Keener realized that this vision statement perfectly matched her vision for Sister Care. She felt empowered to move forward, and knew she needed help.

Keener pulled in board members Guengerich and Carolyn Holderread Heggen, who helped her rethink Sister Care entirely and with Heggen’s leadership, they wrote a new and expanded manual. Heggen, a psychotherapist with a Ph.D. who was a well-known speaker in the wider church, became a co-presenter with Keener.

Having grown up in Puerto Rico, lived as an adult in Pakistan and Nepal and done community trauma healing in numerous other countries, Heggen brought many intercultural connections. Keener and Heggen led Sister Care seminars in several states and the first international seminar in India in 2012.

By the end of 2014, seminars had been held in all 21 area conferences of Mennonite Church USA, as well as 11 international countries in Asia, Central and South America, Canada, and the Caribbean. The manual was translated into Spanish, Kek’chi’ and Portuguese.

“Sister Care has really transformed the organization,” said Basinger, pointing out that it has brought both new life and new giving. Basinger said that it usually does not work to get individuals to give without a specific emphasis, and Sister Care, especially the international seminars, has often been that. With the technology expertise of Communications Director, Claire DeBerg, MW USA developed an active blog, Facebook page, and Twitter account—supporters can follow events almost in real time. “They can share what God is doing in the lives of these women,” said Basinger. “That’s how you grow women’s hearts.”

MW USA still faces many challenges today.

While the organization is on solid financial footing and has received generous grants from several sources, it is always uncertain how much money will be available for the coming years. Funds are constantly needed for new projects, such as putting the magazine online, hoping to stop the decrease in magazine subscriptions. Some younger women are involved in the organization—and a pilot Sister Care seminar for college women was offered in March 2015 at Goshen College, Ind., with a follow-up planned for fall 2015—but there is still the lingering perception that MW USA is mostly for older women, especially women who sew.

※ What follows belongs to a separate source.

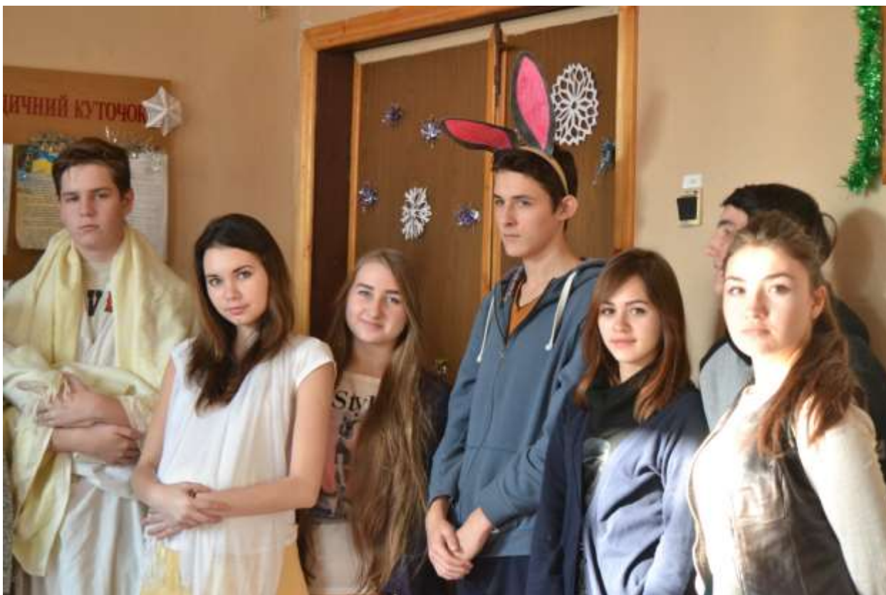
Джозеф, Марія, Святе Немовля, Віслучок та інші герої постановки за мотивами Біблейського писання

There are many Mennonite women who still do meet together and sew, and the organization wants to acknowledge their important, faithful work as they continue to move forward.

MW USA embarks on a new chapter in April 2015.

Following Guengerich’s retirement, Marlene Harder Bogard was hired as executive director. Keener will continue part-time as Sister Care director. Basinger has relished the chance to walk alongside MW USA for such an extended period and see the organization change. She noted that when she mentions her work with MW USA to other Mennonite Church USA groups, people have said that MW USA is a bright spot in the denomination.

“I’ve worked with other denominations,” Basinger said, “and I certainly do not hear that about their women’s organization. But, no organization dares to be complacent and assume that what they’re doing now will work for the long haul.”

Basinger points out that in today’s world organizations have to be constantly reinventing themselves while not losing the best of what they have.